The first and key virtue of godly men is the fear of the Lord. It all starts – or ends – here. Proverbs 14:26 sums it up: “He who fears the Lord has a secure fortress, and for his children it will be a refuge.” Far more important in a man than money, charisma, and all the things the world values is a heart that is turned towards the Lord. For men to minister and lead as God would have us, we must first be men of the Word of God, men of prayer, and men of worship.

I was struck by the significance that Proverbs places on the latter: devotion to public worship. Pastoral experience backs this up, that men who are regular and faithful in public worship tend to be biblical leaders. Men who find other concerns encroaching on their availability to worship God tend not to exhibit godly masculinity in other areas. Moreover, by neglecting the means of grace, men set themselves up to be carried away by worldly currents and the deceit of sin. In sum, a Christian man who often cannot make time to attend faithfully and be a contributing member of a church is not likely to exhibit characteristics of biblical masculinity.

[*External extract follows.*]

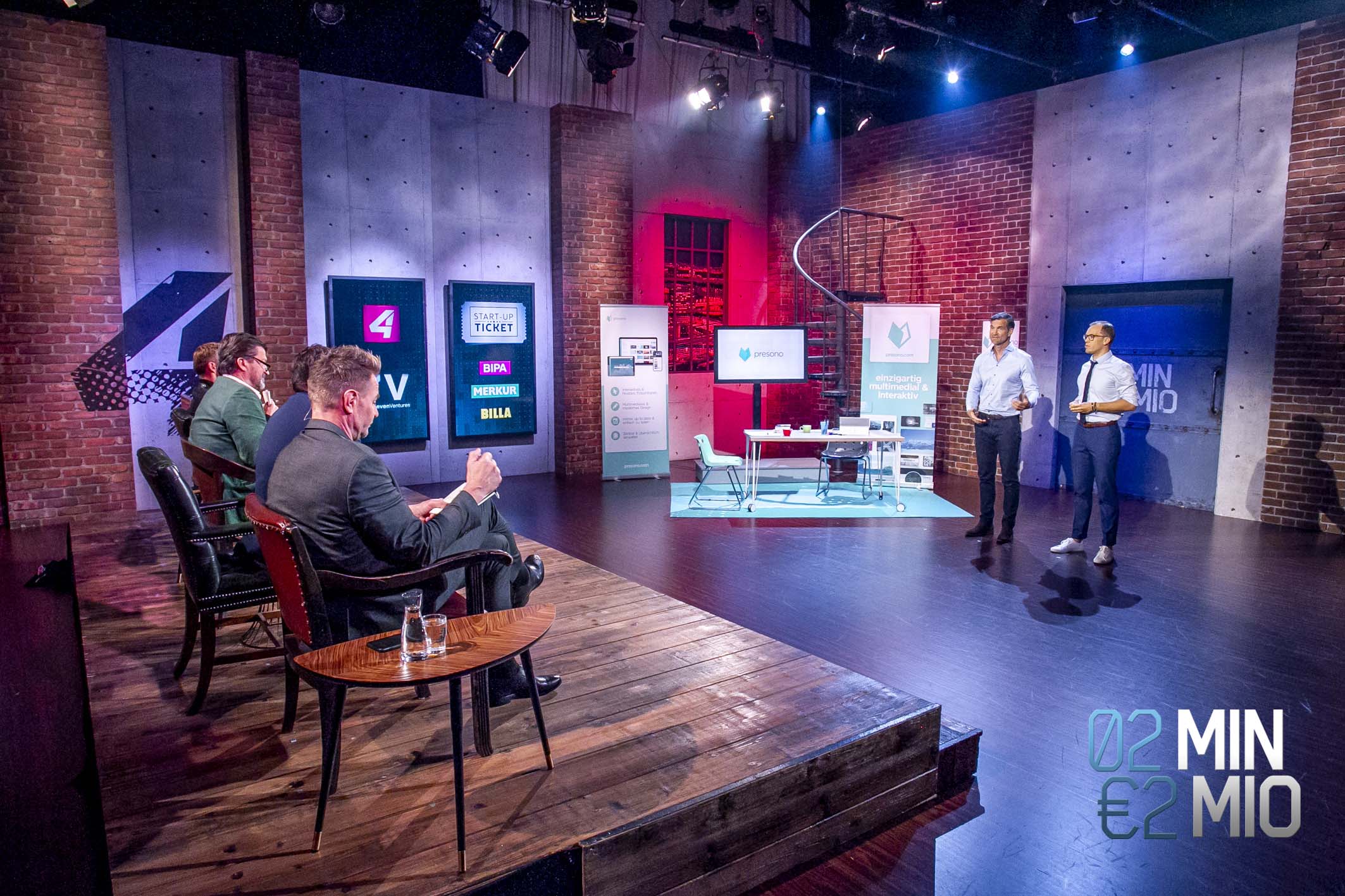In sieben Staffeln des PULS 4 Erfolgsformats „2 Minuten 2 Millionen“ präsentierten sich bereits hunderte Start-ups vor den hochkarätigen Investoren. presono gelang es in der Sendung mit einer Million Euro Mediavolumen ein besonders hohes Investment für sich zu gewinnen. Nach einer intensiven Verhandlungsphase mit Investor Daniel Zech von SevenVentures – dem Beteiligungsarm der ProSiebenSat.1 PULS 4 Gruppe – konnte das Linzer Start-up den Vertrag final unterzeichnen. Das Investmentvolumen aus der TV-Sendung konnte noch weiter ausgebaut werden: „presono erzielte damit einen großen Erfolg und ist unter hunderten Teilnehmern aus sieben Staffeln eines der wenigen Start-ups, die es geschafft haben, ein siebenstelliges Investment abzuschließen.

An example of the importance of the fear of the Lord comes from the Bible’s King Saul, Israel’s first kind. Saul was impressive in the eyes of men: “a handsome young man… From his shoulders upward he was taller than any of the people” (1 Sam. 9:2). Saul had looks and strength, drive and ability. The only thing Saul lacked was a heart that feared the Lord, and as a result he led the people astray. When God finally replaced him, he was gracious enough to give “a man after his own heart” (1 Sam. 13:14). When David was selected as the new and true king, despite his youth and humility, the Lord spoke words that should be remembered by us all: “Man looks on the outward appearance, but God looks on the heart” (1 Sam. 16:7).